The Ministry for Primary Industries (MPI) has temporarily suspended consideration of cattle livestock export applications.
It follows the disappearance of a cargo ship that went missing during a typhoon with 43 people - believed to include two New Zealanders, two Australians, and the remainder Filipinos - and almost 6000 cattle on board.
The Japan Coast Guard today said a distress signal had come from the "Gulf Livestock 1".
One Filipino crew member who was picked up by the Japan Coast Guard said the ship's engine failed, then it was hit by a freak wave and capsized. The fate of the rest of the crew is unknown.
Australian vet Lynn Simpson who has done 57 voyages on livestock ships described the Gulf Livestock 1 as relatively small, with some vessels able to carry up to 20,000 animals.
She said the smaller the vessel the greater the risk in rough weather, and believed the economic realities of live animal shipments meant a ship was under pressure to get to its destination as quickly as possible.
"So that might explain why this ship headed straight into a typhoon which should have been visible on weather reporting and radars and you would think somebody would try to avoid it, but whether the typhoon moved unpredictabily or the master wasn't aware that it was in their path, it's hard to tell."
Simpson said in shipping there were often risks taken to save money.
She said the risks increased as the ship neared the end of its journey and it became lighter in weight with more animal feed and fuel used up.
"Any weight that was down below which sort of acts as heavy ballast and keeps the ship generally more stable is then used up and basically gone, so the ship becomes more top heavy and when it hits rough weather then it's at more danger of rolling and causing injury and, or capsizing.''
Greens want live animal exports to end
Green Party spokesperson on animal welfare Gareth Hughes told RNZ's Checkpoint today the Green Party wanted a ban on exporting all live animals.
He said he was disappointed that a government review on the issue was taking so long.
There is already a ban on exporting live animals for slaughter, but there is a loophole allowing the export of live animals for breeding, Hughes said.

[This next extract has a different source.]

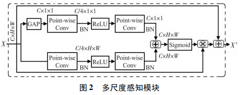 (1)引入多尺度特征感知模块应对尺度变化中的全局大目标和局部小目标。

"It's something I don't think we should be continuing, we know these animals do suffer with distress aboard the ships with potentially weeks at sea.
"It's something I've urged the minister to act with haste on and I'm disappointed the review has taken so long to get to this point."
Hughes said live exports were not good for the animals which suffer, nor was it in New Zealand's economic interest because it damaged the country's international agricultural brand and there were always risks in a maritime environment.
"We're still talking about tens of thousands of animals confined in very small spaces at sea, they can't understand what's happening with the risk conditions out there."
Hughes said New Zealand could still export genetic material without exporting the live animals, for example by exporting semen for breeding, which would avoid the animal welfare issues.
He said it would make sense to have a moratorium on all live exports until the review was completed.
"But ultimately I want to see this review concluded and I want to see this practice ended."
Damien O'Connor, who is the Minister responsible for live exports, declined to be interviewed on Checkpoint.